Money isn't the problem, you have enough. The question you're asking is, "Do I cruise through the next five years on autopilot, or trade in my safe, easy gig for something harder but potentially more rewarding?" That's really a question you have to answer for yourself, but there are ways to evaluate the risk.
Weigh the odds that the other gig will be better. Is it a bit of the "grass is always greener" problem, or is there a real potential for higher satisfaction? Draw up some scenarios - make a worst case scenario and a best case scenario, then develop a "most likely scenario" that will be somewhere in the middle of these. Use the worst case scenario to evaluate the risk. Quantifying the scenarios helps us make decisions as we think through the details that we don't know, but can predict.
On the other side, there's nothing wrong with sticking to an easy path and coasting into your early retirement, either. You're working 43 weeks a year at a job that requires five hours a day, four days a week.
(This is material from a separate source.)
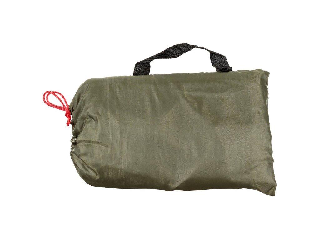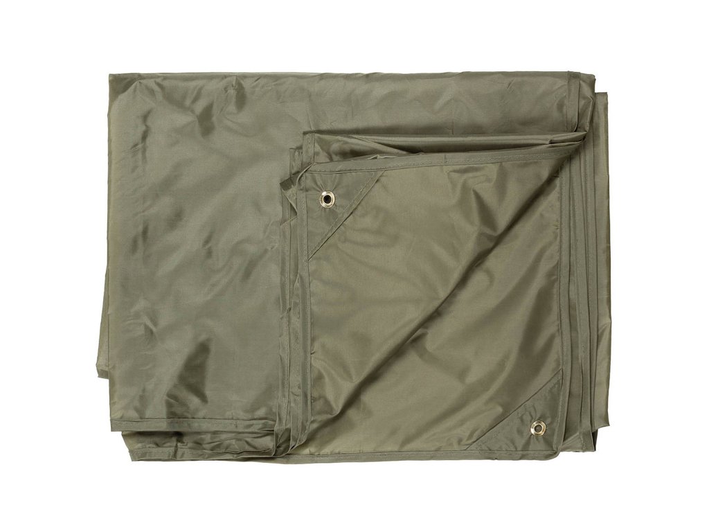nepromokavá celta, barva olive, velikost 500x600 cm, materiál: 100% polyester 190T PU, vodotěsný obal, lehká-hmotnost cca 2700g, kovová oka v rozích a po stranách celty (16 ok), velikost v zabaleném stavu cca 40 x 20 x 5 cm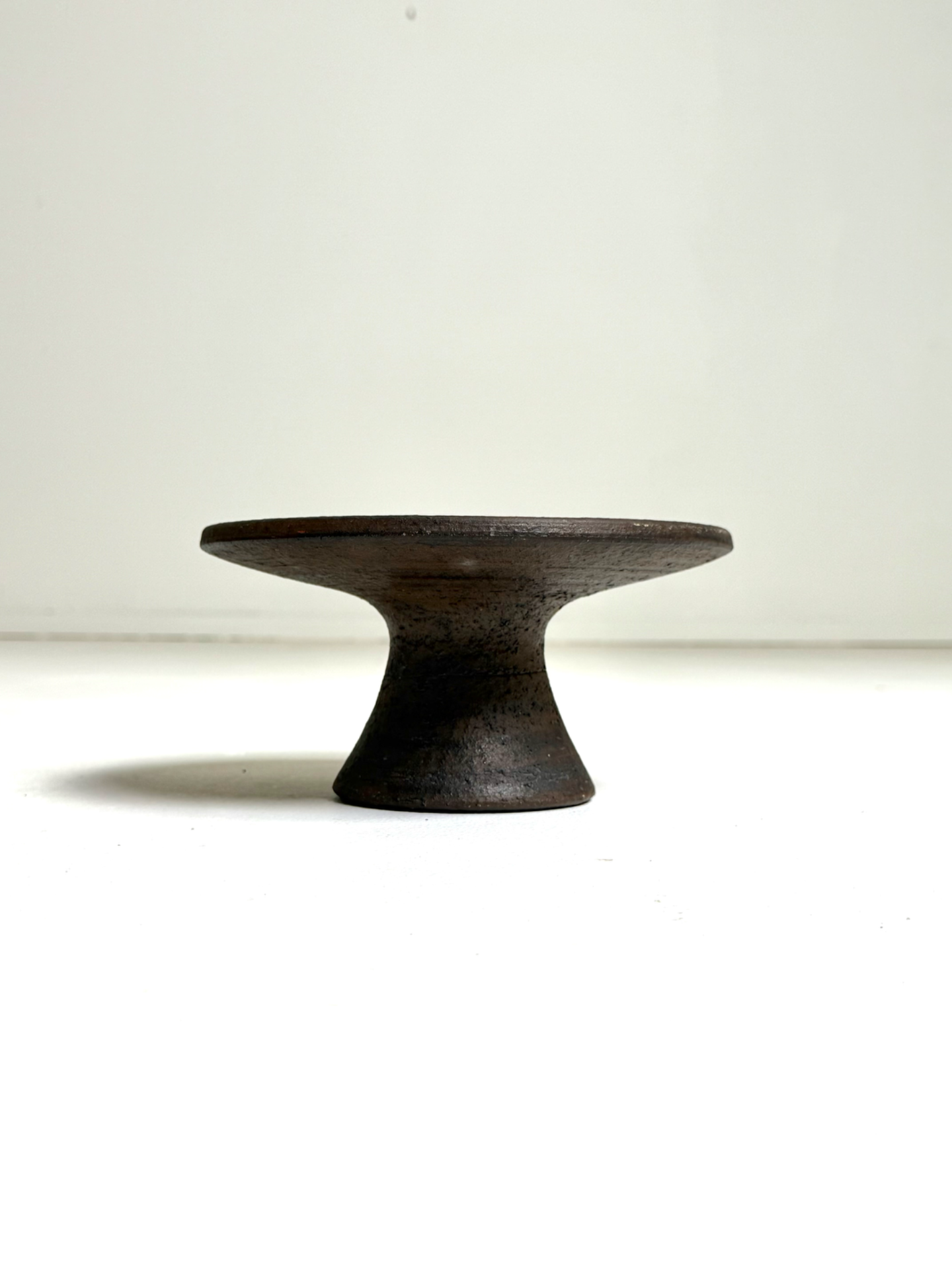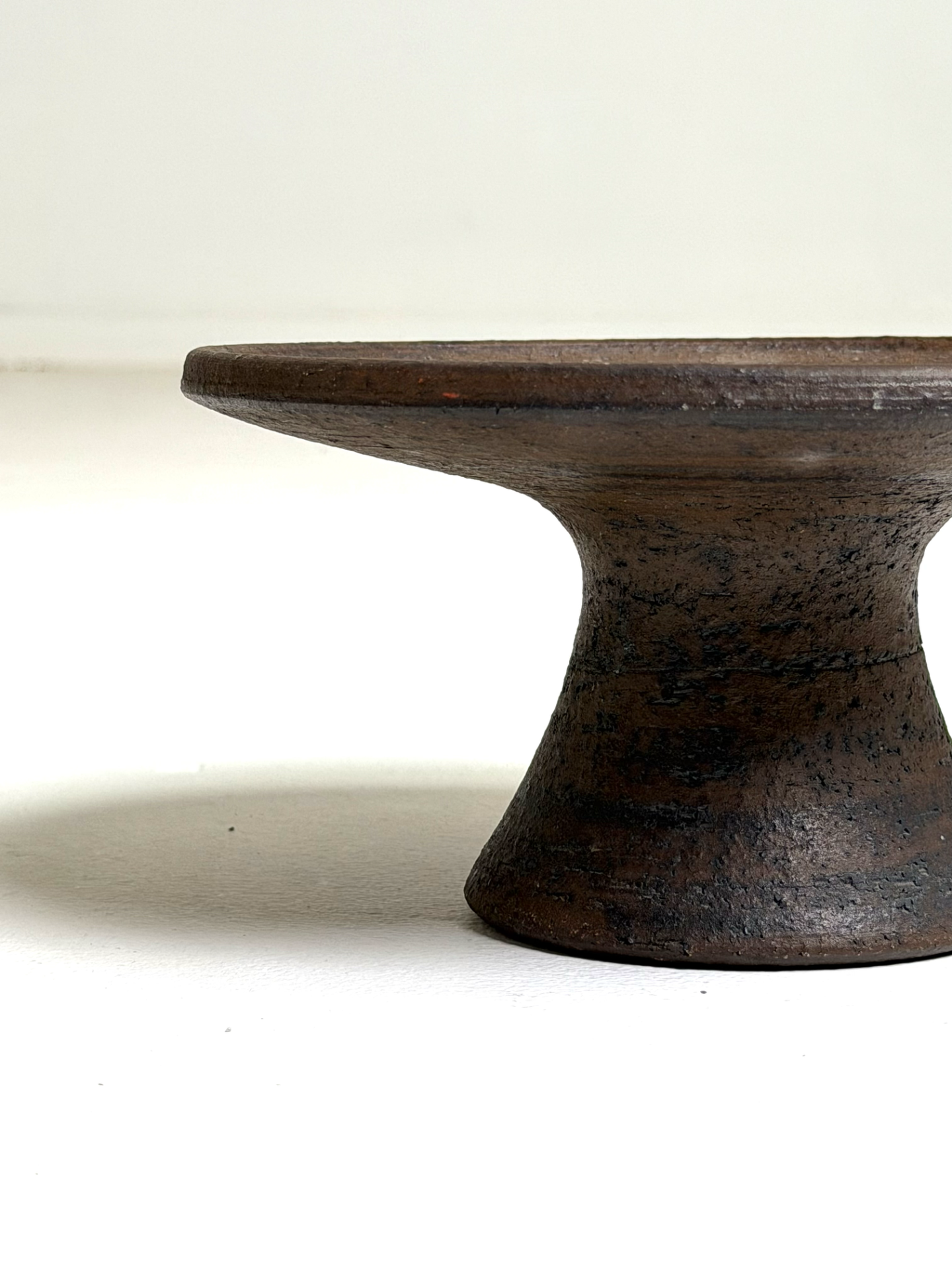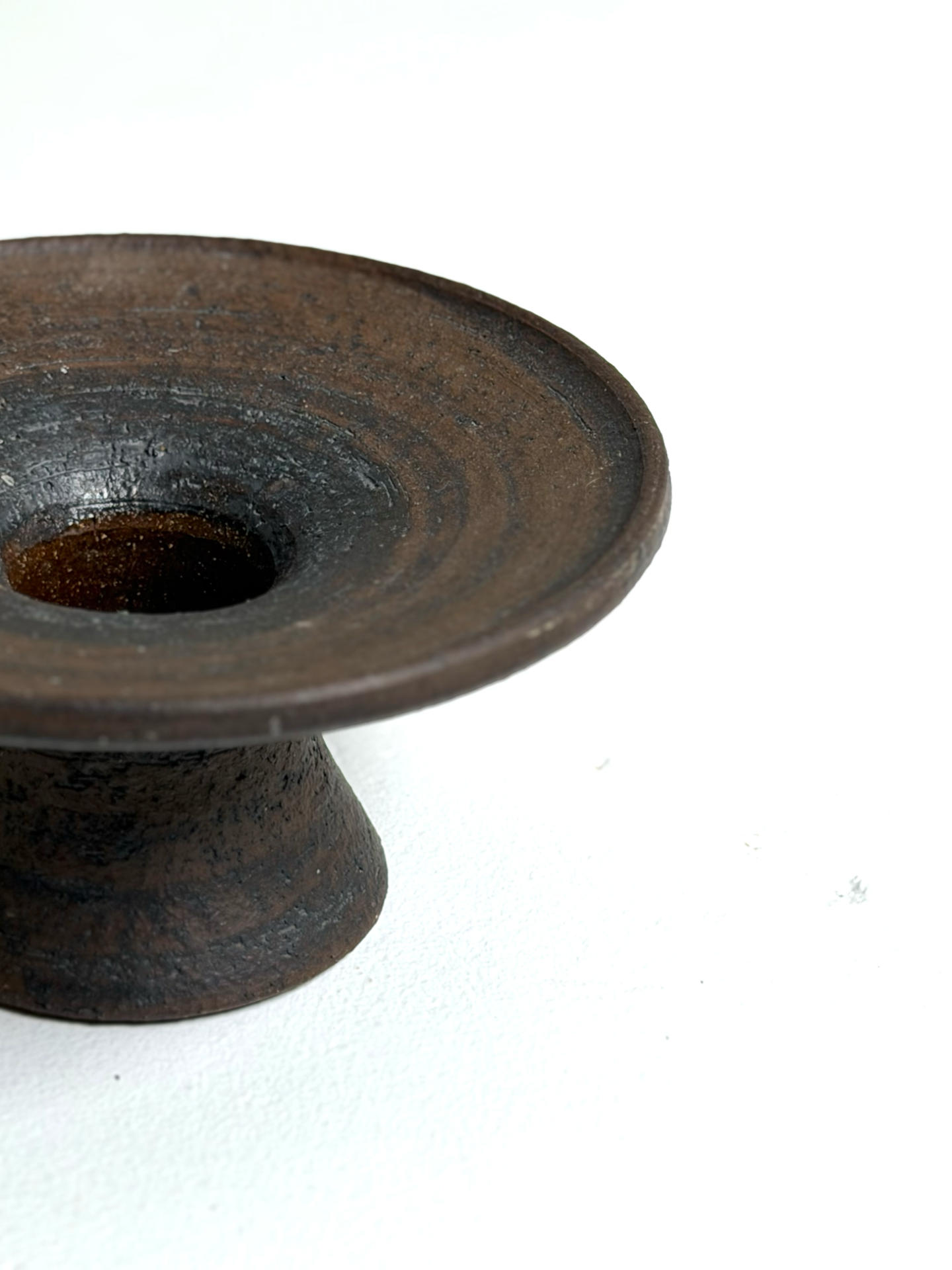 Danish ceramic candle holder or vase from the 1960s–70s. Earthy brown glaze and sculptural design make this a beautiful decorative piece. Handmade and in vintage condition.

Americans in private industry work an average of 2300 hours a year. You're putting in just 860 a year. You have a part time job for full time pay, plus a guaranteed pension and platinum plated benefits. Color me jealous.
In both scenarios you have enough of a stash to generate 41k a year in inflation adjusted income for your retirement, from your 1.04m in assets. Your pension will generate 30k a year if you were to leave in five years. Assume you'll also have social security available at 65 (or whenever you feel like taking it). Your expenses are likely to go down once your kids move on. So you need, at most, 60k a year but most likely less, and you'll have 71k a year in five years. You're in great shape.